[Available records Boundary: Start]
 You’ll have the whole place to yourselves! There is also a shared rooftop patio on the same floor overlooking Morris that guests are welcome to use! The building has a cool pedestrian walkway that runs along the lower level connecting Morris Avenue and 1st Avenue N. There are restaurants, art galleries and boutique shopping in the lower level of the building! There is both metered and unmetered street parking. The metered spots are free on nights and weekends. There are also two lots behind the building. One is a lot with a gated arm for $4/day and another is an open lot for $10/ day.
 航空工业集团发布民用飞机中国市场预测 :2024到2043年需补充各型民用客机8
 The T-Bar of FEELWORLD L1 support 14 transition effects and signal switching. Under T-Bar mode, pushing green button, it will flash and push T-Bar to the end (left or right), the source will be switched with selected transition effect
[Available records Boundary: End]
[Available records Boundary: Start]
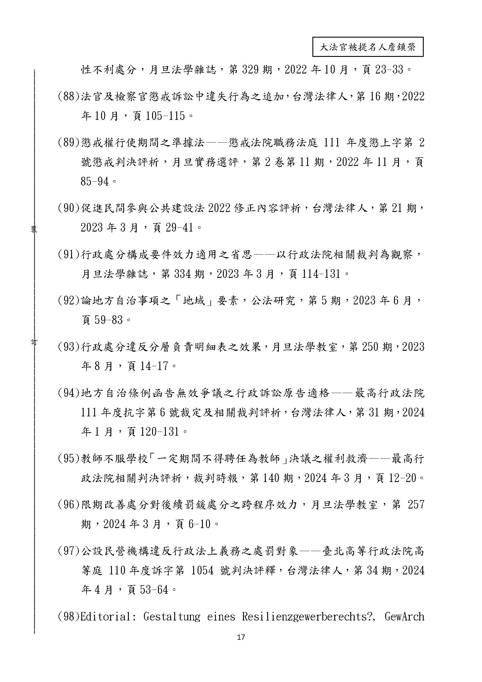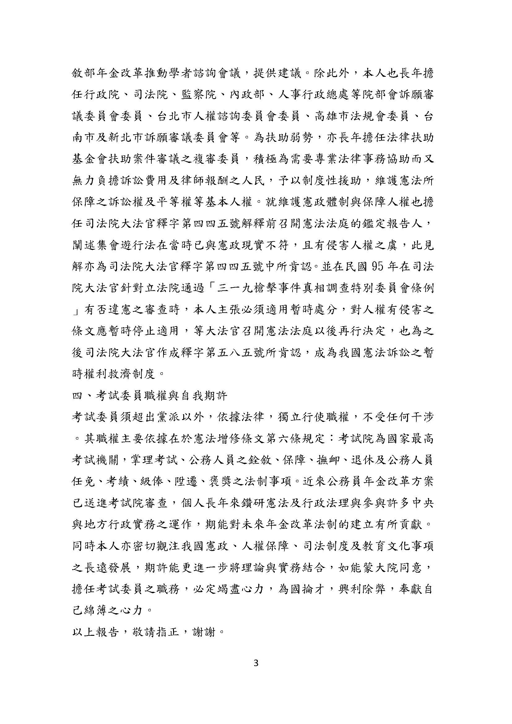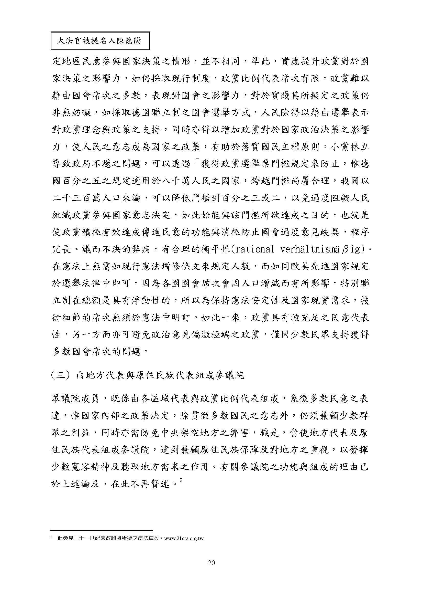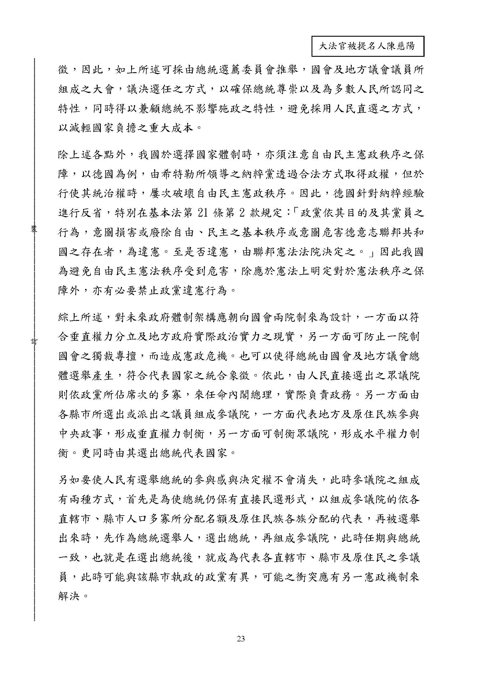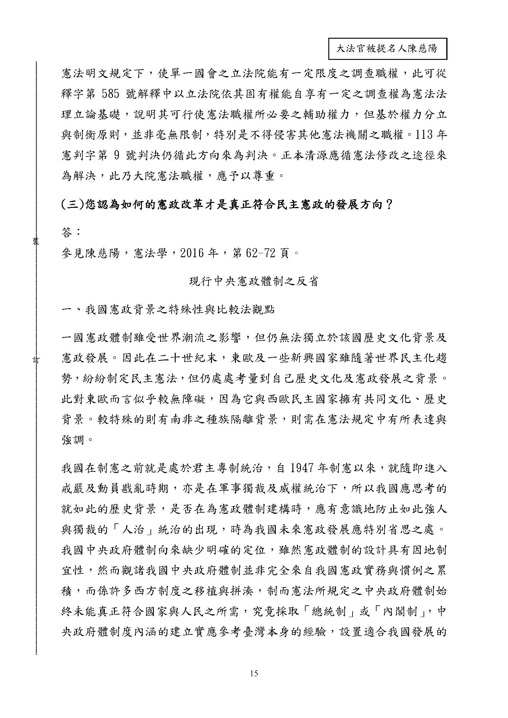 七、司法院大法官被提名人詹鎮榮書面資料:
[Available records Boundary: End]
What to do: The lines above starting at the one that contains "You’ll have the" and ending at the one that contains "The T-Bar of" must be transcribed exactly, and no other lines may appear.

Written solution:
 You’ll have the whole place to yourselves! There is also a shared rooftop patio on the same floor overlooking Morris that guests are welcome to use! The building has a cool pedestrian walkway that runs along the lower level connecting Morris Avenue and 1st Avenue N. There are restaurants, art galleries and boutique shopping in the lower level of the building! There is both metered and unmetered street parking. The metered spots are free on nights and weekends. There are also two lots behind the building. One is a lot with a gated arm for $4/day and another is an open lot for $10/ day.
 航空工业集团发布民用飞机中国市场预测 :2024到2043年需补充各型民用客机8
 The T-Bar of FEELWORLD L1 support 14 transition effects and signal switching. Under T-Bar mode, pushing green button, it will flash and push T-Bar to the end (left or right), the source will be switched with selected transition effect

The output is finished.